Because of this, it is not difficult to understand why 62% of UK employers apparently plan to sink more resources into digital health solutions in the coming five years. ‘Health on demand’ solutions can effectively supplement existing benefits and help secure access to treatment and services, something especially important in Britain, where the underfunded health system is facing potential Brexit turmoil. In this context, a survey by Mercer Marsh Benefits polled 100 UK organisations and 1,000 employees to find what employees hoped to achieve with this, and what staff thought of their workplace’s keenness to bring in new healthcare programmes.

Four different worker segments to engage and Low barriers to adoption, high trust in employers

According to the survey, a large minority of 47% of staff were excited by the prospect of digital health innovation, but the research did also uncover considerable differences in how employees perceive the value of and engage with digital health innovations, which suggests personalisation is key to engagement and successful implementation.

Despite a small 7% of staff simply writing off the technology as ‘not for me’, the largest portion of respondents told researchers they were receptive to new health innovations, just not confident in their own ability to take advantage of digital health programmes, so would like the employer to take a paternalistic approach. Beyond this dominant 43%, a sizeable tech-savvy portion of 34% simply identified with the sentiment ‘sign me up.’

On a global level, though, it seems UK workers are much more hostile to digital health innovations than their international counterparts. A poll of more than 16,000 workers found that on a global basis 51% of staff were in the ‘sign me up’ camp, while just 4% determined that such technology was simply ‘not for me.’
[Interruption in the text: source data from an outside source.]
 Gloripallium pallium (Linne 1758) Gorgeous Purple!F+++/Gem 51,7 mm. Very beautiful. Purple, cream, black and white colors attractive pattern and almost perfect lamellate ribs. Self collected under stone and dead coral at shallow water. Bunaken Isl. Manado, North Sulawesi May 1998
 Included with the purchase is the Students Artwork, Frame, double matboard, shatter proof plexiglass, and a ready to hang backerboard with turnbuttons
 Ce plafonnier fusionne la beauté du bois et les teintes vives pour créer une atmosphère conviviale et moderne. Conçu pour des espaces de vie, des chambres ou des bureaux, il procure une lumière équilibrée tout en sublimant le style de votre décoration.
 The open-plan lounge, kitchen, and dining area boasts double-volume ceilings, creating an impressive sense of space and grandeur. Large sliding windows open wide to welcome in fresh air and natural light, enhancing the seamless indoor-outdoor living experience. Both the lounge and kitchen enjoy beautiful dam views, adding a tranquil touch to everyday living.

This may be down to the much higher level of trust in employers outside of Britain, with 73% of the international survey stating they trusted their employer’s ability to secure their healthcare data. In the UK, meanwhile, there is a major mismatch between what employers and staff think of their organisation. While 67% of bosses believe their organisations care about employee well-being, just 37% of workers agreed with them. If employees expect to ramp up the enthusiasm of their staff in their health offering, they will need to address this lack of trust quickly. A good way to demonstrate this is by taking the time to tailor solutions.
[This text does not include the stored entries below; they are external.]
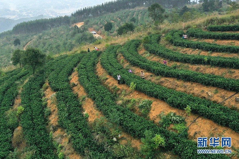 無(wú)人機(jī)航拍農(nóng)戶們?cè)诓枞~種植扶貧示范園給茶樹(shù)除草。 劉君攝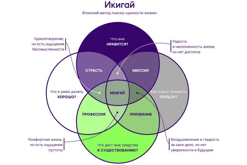 Икигай — японская концепция поиска смысла жизни, основанная на пересечении четырех элементов: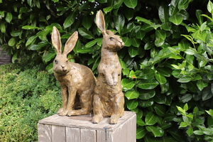 2022hazen in chamotteklei uitgevoerd, na het bakken op 1200 graden gepatineerd, de prijs is per stuk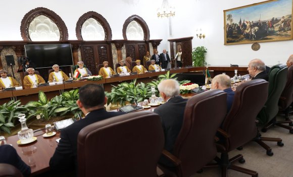 توسعت المحادثات التي أجراها رئيس الجمهورية, السيد عبد المجيد تبون, اليوم الاثنين بمقر رئاسة الجمهورية, مع جلالة سلطان عمان, هيثم بن طارق, لتشمل أعضاء وفدي البلدين.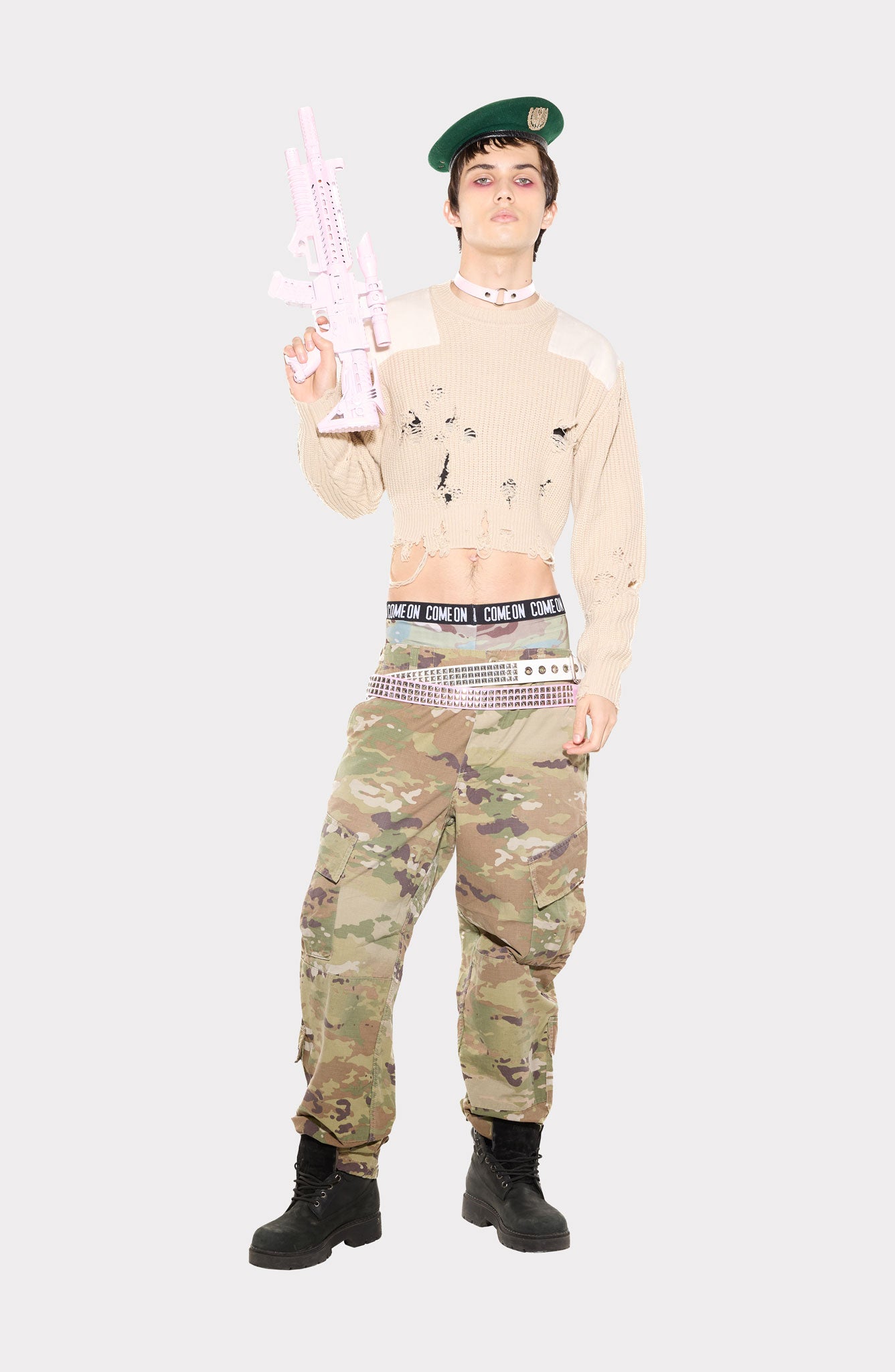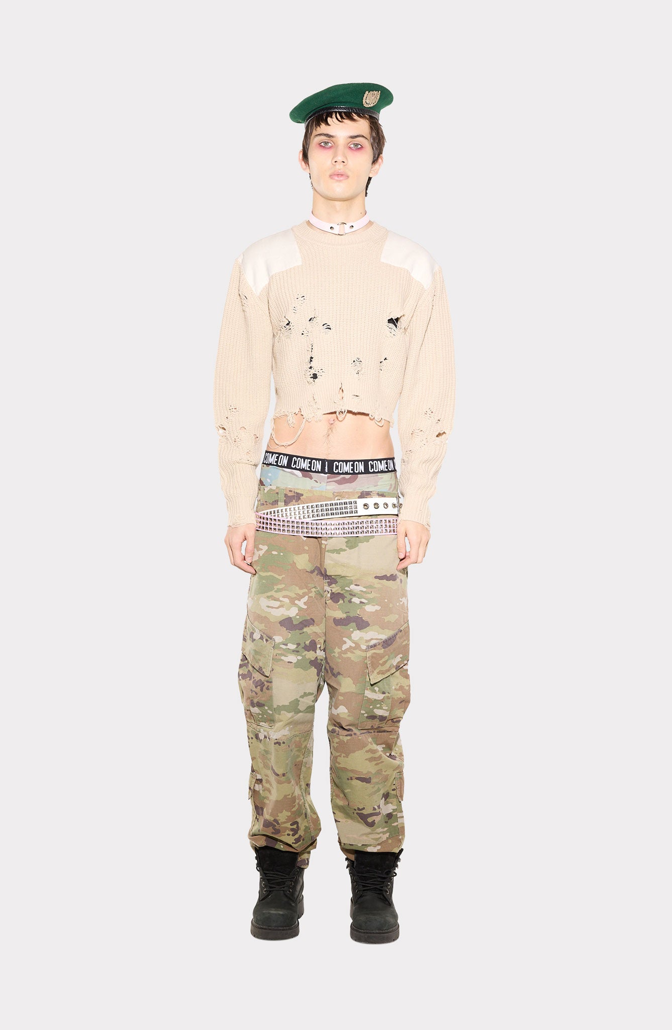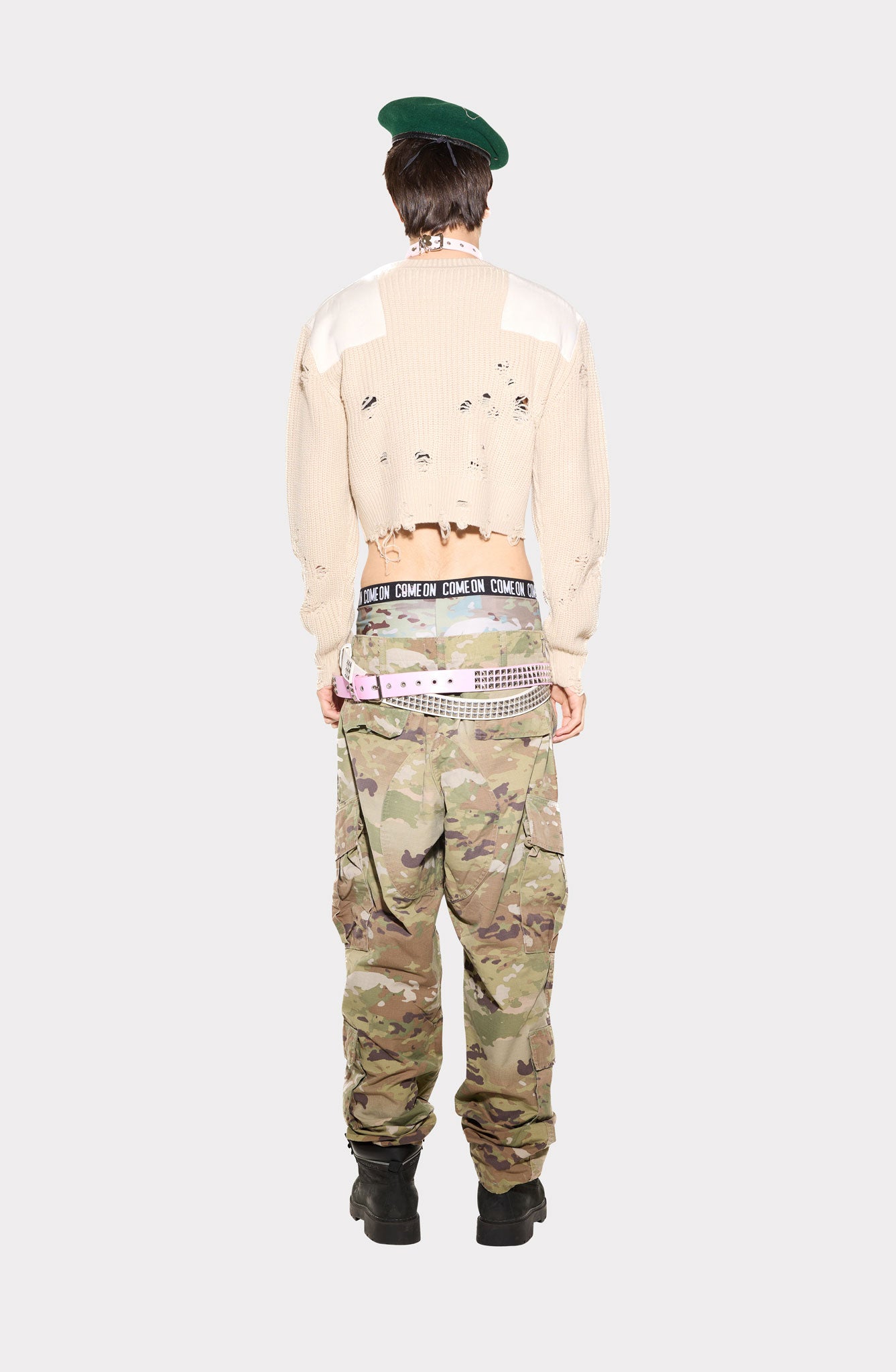 Slim fit sweater with tonal shoulder patches and distressed details on front, back, and sleeves. Modular waist-length design for versatile fit.The design is inspired by classic military sweaters, reinterpreted with a contemporary, genderless approach.

Tony Wood, UK Leader of Mercer Marsh Benefits said, “It’s encouraging to see increasing appetite for digital health solutions amongst employees and employersHowever, businesses must avoid the temptation to simply provide more products and solutions without considering whether they are right for their workforce. We know that an individual’s personality plays an important role in their attitude to and engagement with health, which provides a great opportunity for companies to start personalising their approach to well-being.”